Unit

18

Full Circle

End-of-Life Issues

Although health care in this country has made it possible for Americans to live longer and more active lives well into their late senior years, serious illness and death are as much a part of life as birth and living. With old age come chronic illnesses and serious diseases. Most of these can be treated with good medical care, but often they cannot be cured. When a loved one becomes ill with a serious and incurable disease, Americans often rely on the same support systems that they depended on during earlier, happier times: family and friends.

These support systems can help with important care decisions as we become sick or unable to take care of ourselves. There are many things to think about, and there are many services available to help someone facing end-of-life issues. Even people lucky enough to be with family may need some extra help.

As we age, many people begin to think about planning for these end-of-life issues. Family and friends can help by talking about the choices to be made.
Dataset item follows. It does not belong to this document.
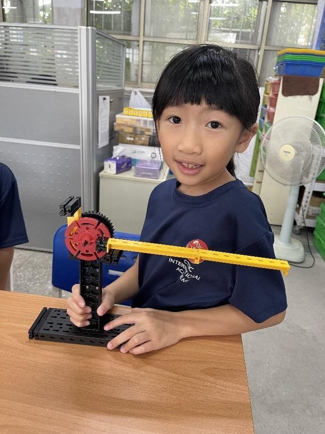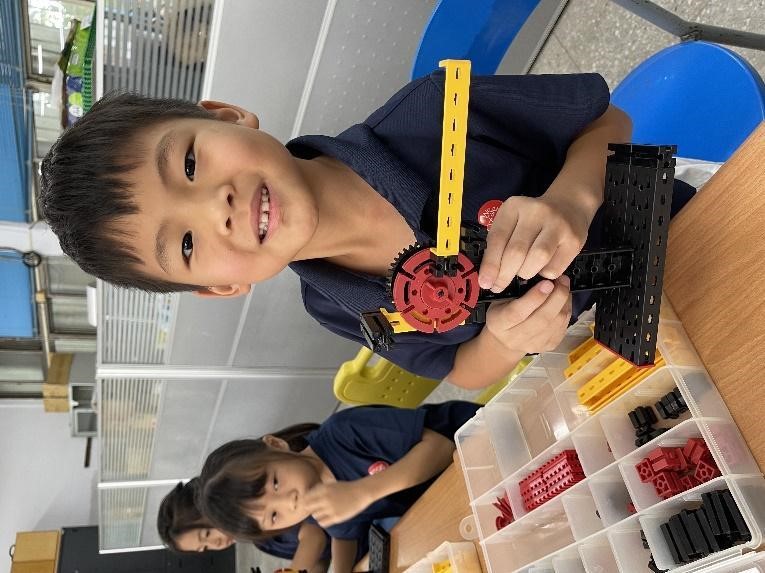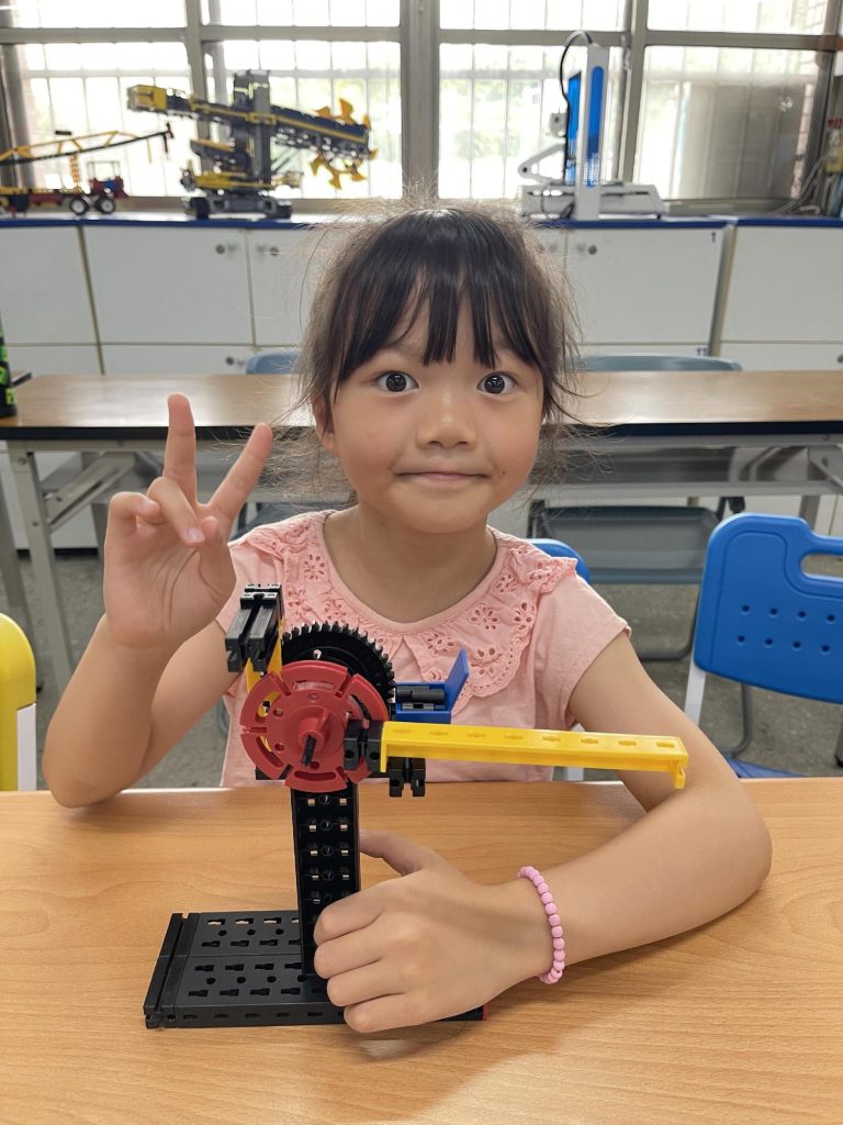 在實際操作階段,學生們按照步驟組裝積木,觀察不同齒輪配置的效果,最後完成能升降的柵欄門。課堂中,學生不僅積極回答問題,也會彼此討論、互相協助。部分學生還在空閒時間為作品加上個人創意的裝飾,讓機械結構與美感設計完美結合。

Very often a person will want to prepare a living will while he is still healthy. This allows the person to make choices now about what care he wants to have if he becomes seriously ill. For example, some people may decide that if their heart stops, they do not want medical professionals to make it start again. This is known as a DNR order. The living will is a legal document that must be followed. In the living will, a person can make very clear what medical procedures he will allow.

A living will can be very clear about what machines someone will allow in her care plan. Someone may decide that if she is no longer able to breathe on her own, then she does not want to be placed on a ventilator. She may state in the living will that she does not want a feeding tube.

A person can also create a legal document called Power of Attorney that will allow another person to make all medical decisions. If someone is so sick that she cannot express herself, then the person she chooses will make decisions about health care. This person is usually a family member or a friend who knows exactly what the person’s wishes are.

For someone facing the end of life, hospice care provides comfort and many services. A team of people will come to the home and make sure that the dying person is as comfortable as possible. The most important thing they hope to do is be sure the dying person has the best quality of life in the time he has left. The team includes doctors and nurses who will supervise any medical care. Because hospice care is for the dying, medical professionals are not focused on treating the illness; they are only concerned with making sure the person is comfortable and in no pain. Volunteers may help with taking care of the house and offering time off to family members who don’t want to leave their loved one alone. Most health insurance plans will cover hospice care.

This isn’t always an easy or happy subject to bring up, but it’s an important one that will make things easier when a serious illness happens.

DIALOGUE 1: TRACK 47

LIA: Alan, did you hear about my great-grandmother? You know that she’s been sick for a long time now. The doctors have diagnosed cancer. I’m afraid the prognosis is not very good.

ALAN: Yes, I did hear the news. I’m so sorry, Lia. How is she doing?

LIA: Well, you know my great-grandma. She’s doing just fine! We’re all feeling a little sad about the diagnosis, but Granny is very upbeat about it.

ALAN: Your grandmother’s mom has always been very sensible.

LIA: She started to get her affairs in order when she first got sick. And she is very clear that she doesn’t want to be on machines at the end of her life. We told her, “Granny, you could let the doctors who know medicine make this decision for you.” But Granny made a living will so she is the one deciding what kind of care she will get. Some of my aunts are a little upset. They think the doctors should do anything and everything to keep Granny alive, even if it means using machines to keep her lungs working.

ALAN: How about asking your aunts to talk to someone at the hospice center?

LIA: Right now they are too upset to think calmly.

ALAN: What about having them speak to the doctors again? Or, why don’t you call the chaplain at the hospital? Maybe he can help with their fears.

LIA: That’s a great idea. Maybe the chaplain can give them some comfort, so that they can see that what makes Granny comfortable is the most important thing.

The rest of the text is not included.